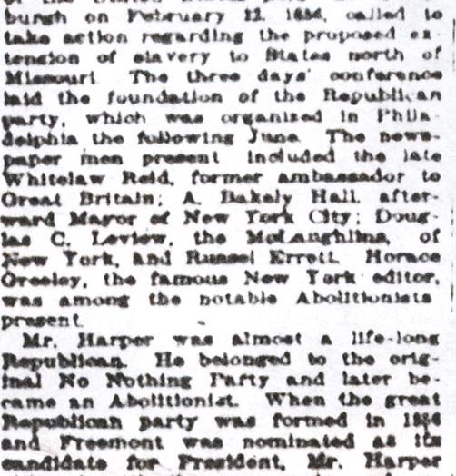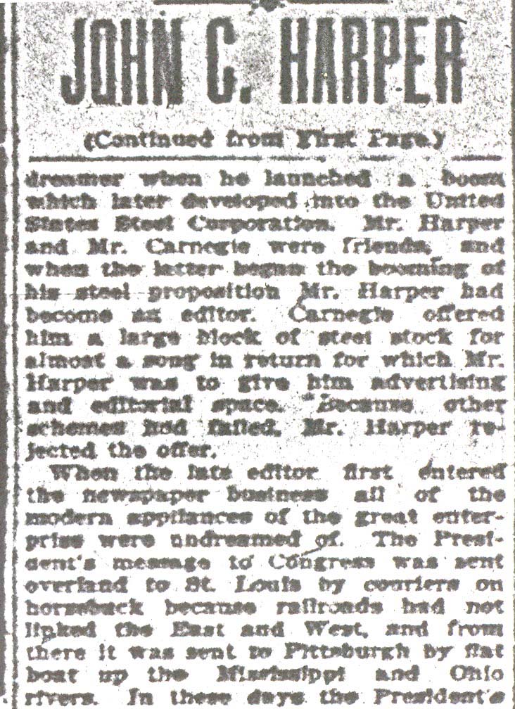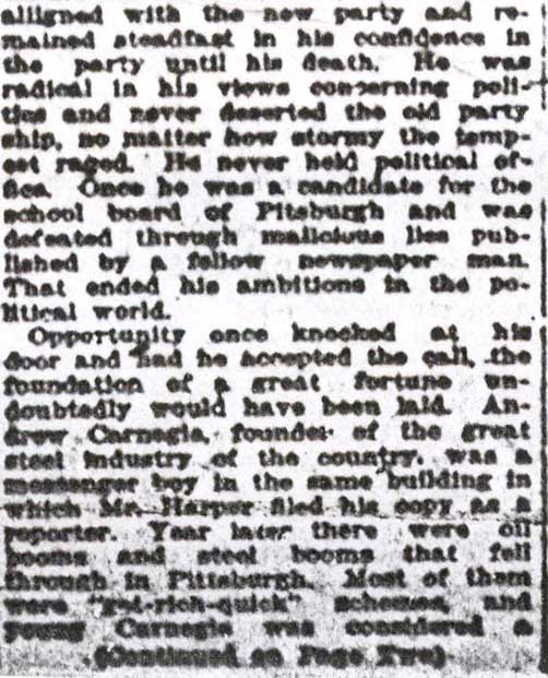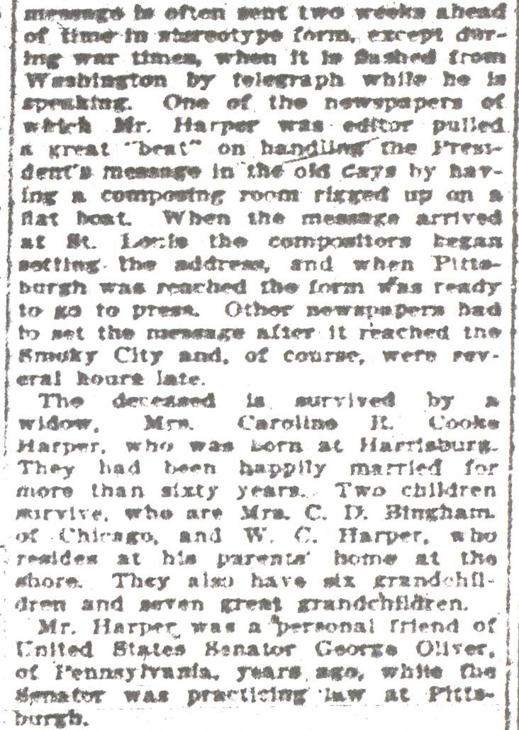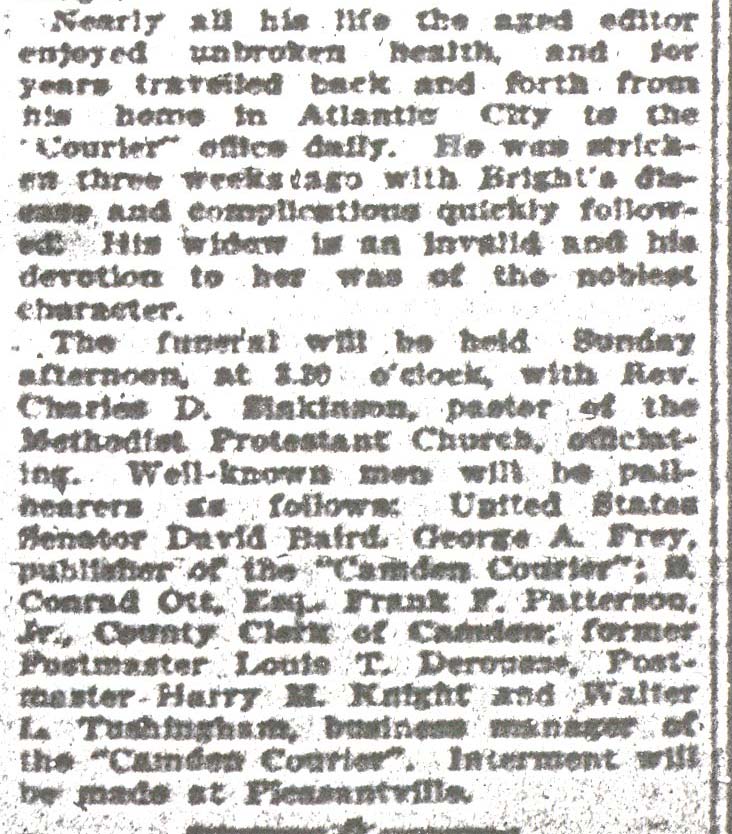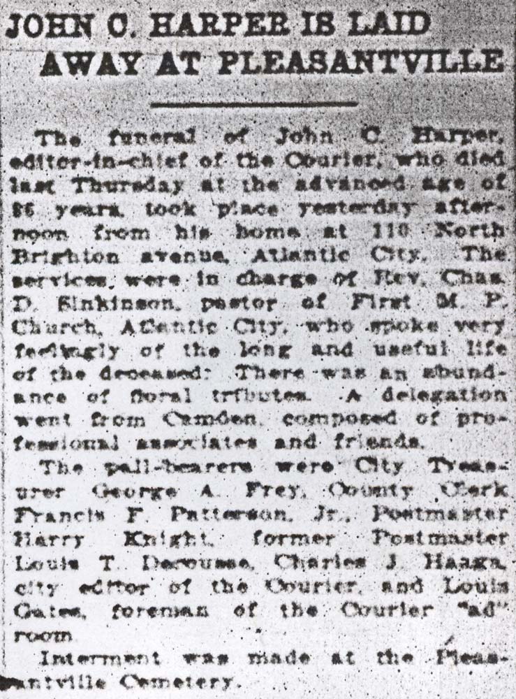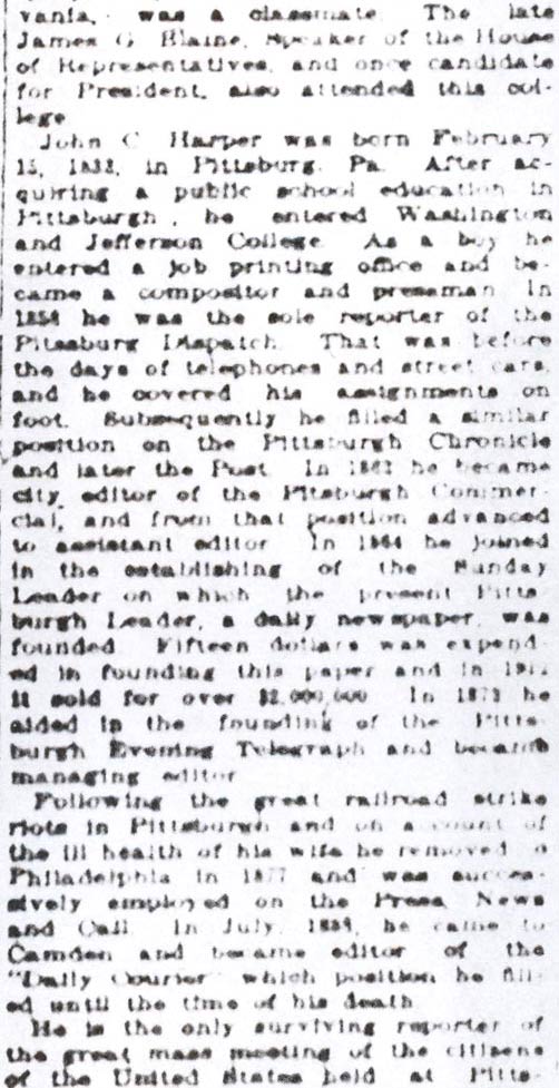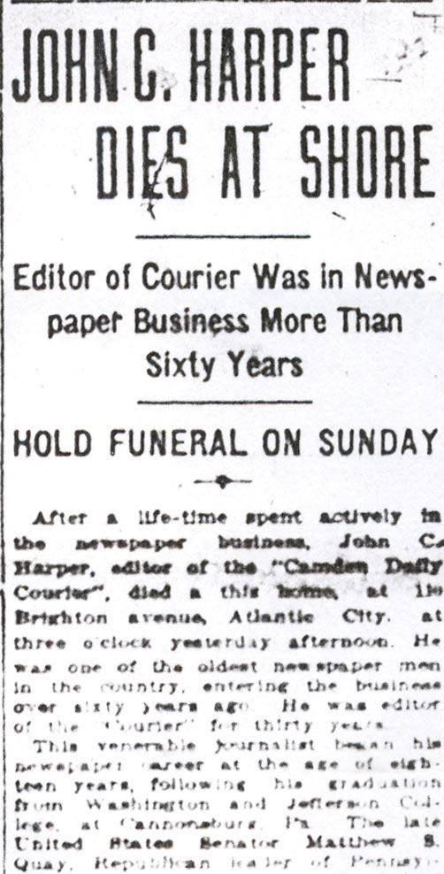 JOHN C. HARPER was the son of John Harper, an Irish immigrant who was born born September 15, 1799 in Ballymeena, and Nancy French, born in Ireland in 1811. John C. Harper was the oldest child, born in Pittsburgh PA on February 10, 1833. He was followed by brothers William and Samuel and sisters Nancy and Margaret, two other sisters died as infants. His father passed in April of 1846, his mother however lived to be 90, passing in Pittsburgh in 1901. After attending public schools in Pittsburgh John C. Harper entered Washington and Jefferson College. By 1854 he was working as a reporter. In 1864 he co-founded the Sunday Leader which evolved into the Pittsburgh Leader. He stayed in Pittsburgh until 1877, when the ill-health of his wife gave him cause to move to Philadelphia. In 1884 he came to Camden to assume the position of editor of the Daily Courier, a position he held until his death on May 9, 1918. He was survived by his wife Caroline, daughter Mrs. Annie Bingham, son William, and his younger sister Margaret. A keen judge of talent, John C, Harper hired S. Conrad Ott as a reporter for the Daily Courier in 1889. By 1891, Ott, not yet 24 years old, was promoted to City Editor, a post he held until leaving journalism to practice law full-time in September of 1902. John C. Harper's brother William Harper was also a career journalist. William was working in California during the Civil War and worked for the San Francisco Call up until his death in 1882. Brother Samuel served in the Union Army before returning to Pittsburgh, where he passed in 1889. |
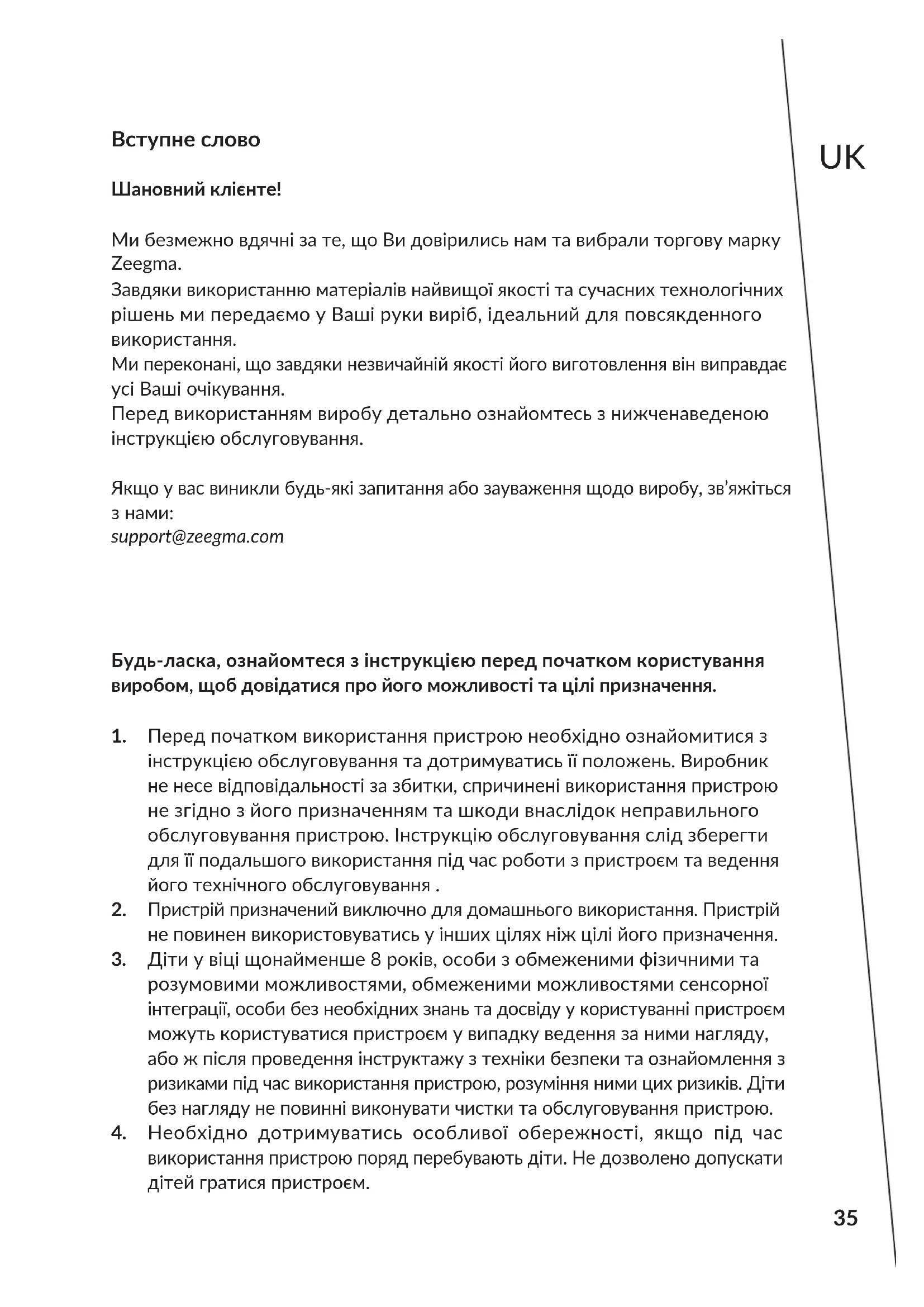 support@zeegma.com Важлива інформація Будь-ласка, ознайомтеся з інструкцією перед початком користування виробом, щоб довідатися про його можливості та цілі призначення.
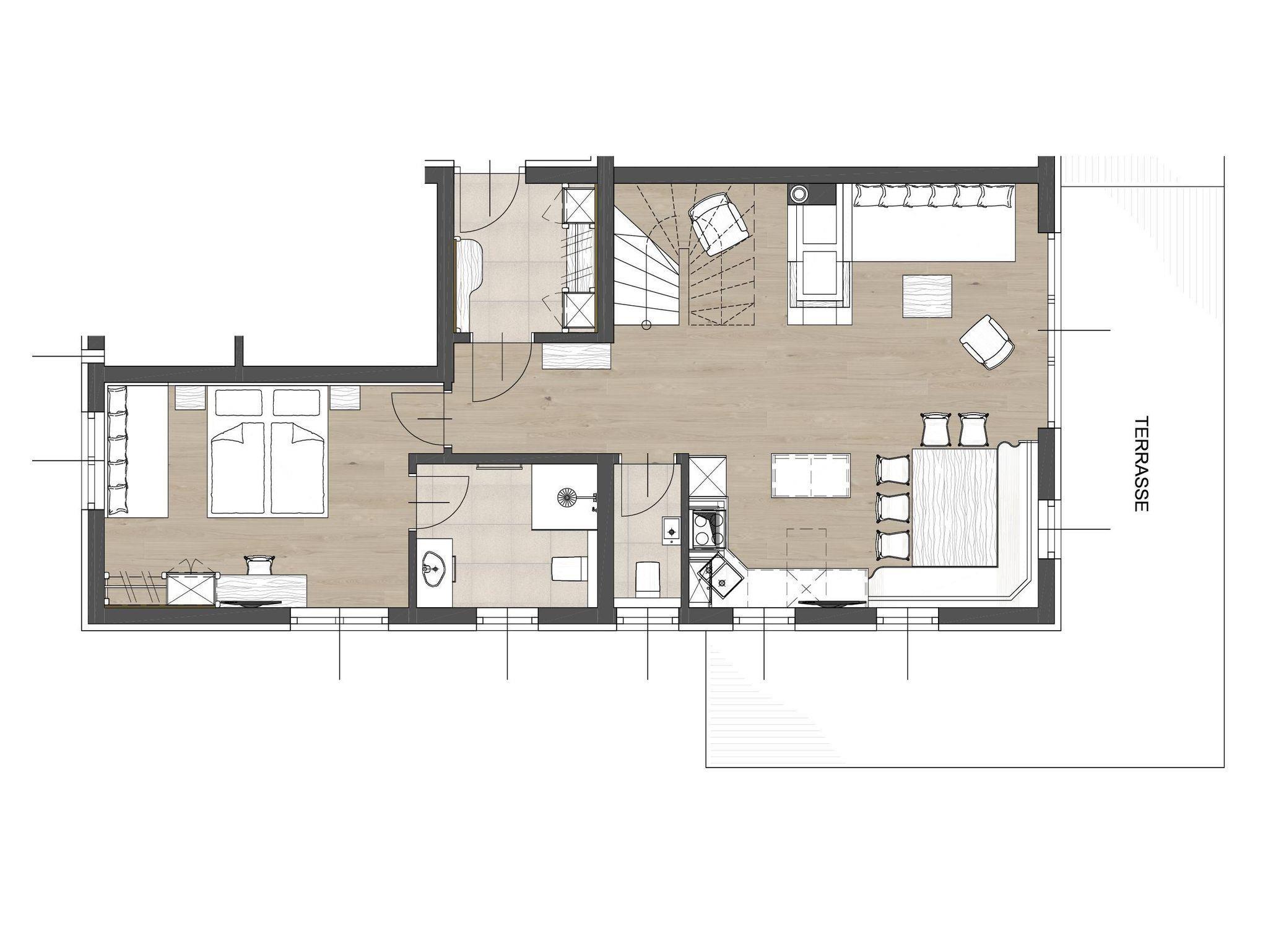 - Gut ausgestattete Wohnküche (Geschirr, Geschirrspüler, E-Herd mit Backofen, Kühlschrank mit Gefrierfach, Filter- und Nespressomaschine) und großzügiger Esstisch für wohltuende Gespräche
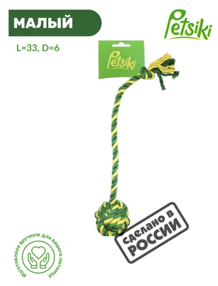Игрушка для животных Мяч канатный Petsiki Петсики малый (желтый-зеленый-зеленый) канат для собак
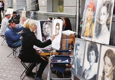 街头作画的艺人是阿尔巴特街上一道独特的风景
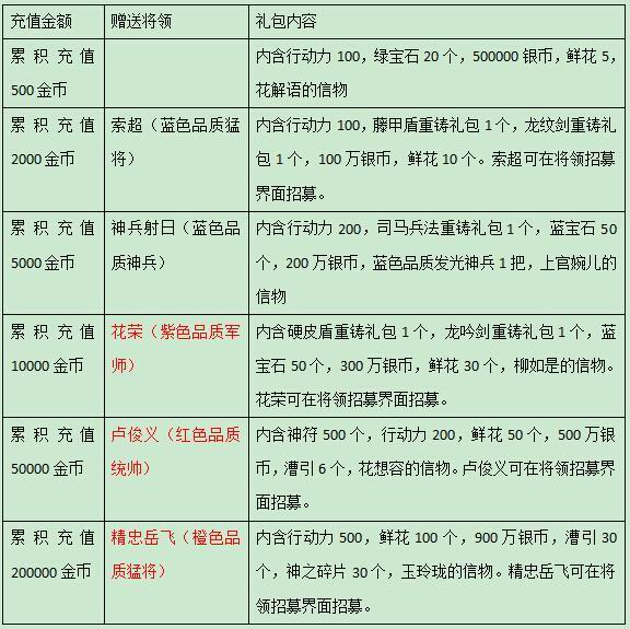 累计充值10000金币,即可获得:紫色将魂初始怒气*1、银币*200万、行动力*100、蓝宝石*30、鲜花*50、神符*200
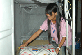 区教育局、学校领导和各专业教学部主任、德育主任都已早早等候在校门口,热情欢迎同学们的到来。一下车,首先映入同学们眼帘的是“情系四川,爱满大众。”“热烈欢迎都江堰同学来我校学习”的标语。俞勇彪副局长代表嘉定区教育系统向同学们表示衷心的慰问和热烈的欢迎。他希望同学们放心、安心地在校学习,要求学校为同学们创造良好的学习和生活环境。随后同学们来到了食堂,工作人员早就为他们准备好了可口的饭菜和川式辣椒酱,他们疲惫的脸上露出了微笑。午餐过后,在教学部主任、班主任的带领下,同学们来到了各自的寝室。按学校安排,都江堰的同学与其他地区的同学混班、混住。同宿舍的同学们把最后的铺位留给都江堰的同学们,并热情地帮助他们整理床铺和生活用品。
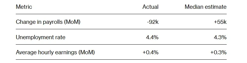 - 비농업 고용(Nonfarm Payrolls): -9만 2,000명
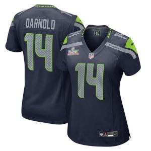 Women’s Seattle Seahawks #14 Sam Darnold College Navy Super Bowl LX Patch Game Jersey
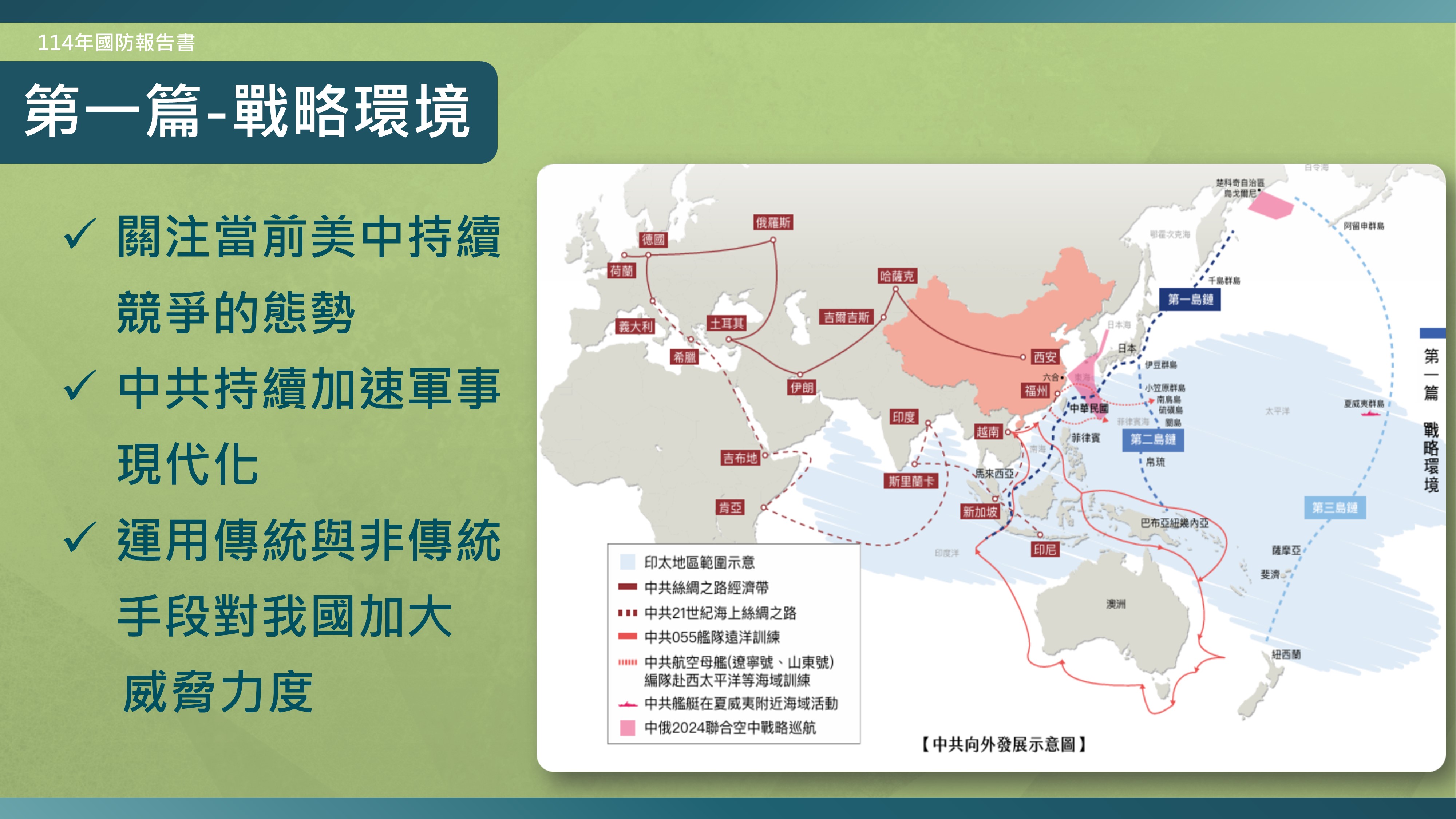 1.清楚說明美中競逐與中共軍事壓力的情勢變化
◇ ◇ ◇ ◇ ◇
• **About this exercise**: Put down exactly the lines of the data above that run from its first line through the line bearing "support@zeegma.com Важлива інформація", and no pictures.

• **Response area**:
 JOHN C. HARPER was the son of John Harper, an Irish immigrant who was born born September 15, 1799 in Ballymeena, and Nancy French, born in Ireland in 1811. John C. Harper was the oldest child, born in Pittsburgh PA on February 10, 1833. He was followed by brothers William and Samuel and sisters Nancy and Margaret, two other sisters died as infants. His father passed in April of 1846, his mother however lived to be 90, passing in Pittsburgh in 1901. After attending public schools in Pittsburgh John C. Harper entered Washington and Jefferson College. By 1854 he was working as a reporter. In 1864 he co-founded the Sunday Leader which evolved into the Pittsburgh Leader. He stayed in Pittsburgh until 1877, when the ill-health of his wife gave him cause to move to Philadelphia. In 1884 he came to Camden to assume the position of editor of the Daily Courier, a position he held until his death on May 9, 1918. He was survived by his wife Caroline, daughter Mrs. Annie Bingham, son William, and his younger sister Margaret. A keen judge of talent, John C, Harper hired S. Conrad Ott as a reporter for the Daily Courier in 1889. By 1891, Ott, not yet 24 years old, was promoted to City Editor, a post he held until leaving journalism to practice law full-time in September of 1902. John C. Harper's brother William Harper was also a career journalist. William was working in California during the Civil War and worked for the San Francisco Call up until his death in 1882. Brother Samuel served in the Union Army before returning to Pittsburgh, where he passed in 1889. |
 support@zeegma.com Важлива інформація Будь-ласка, ознайомтеся з інструкцією перед початком користування виробом, щоб довідатися про його можливості та цілі призначення.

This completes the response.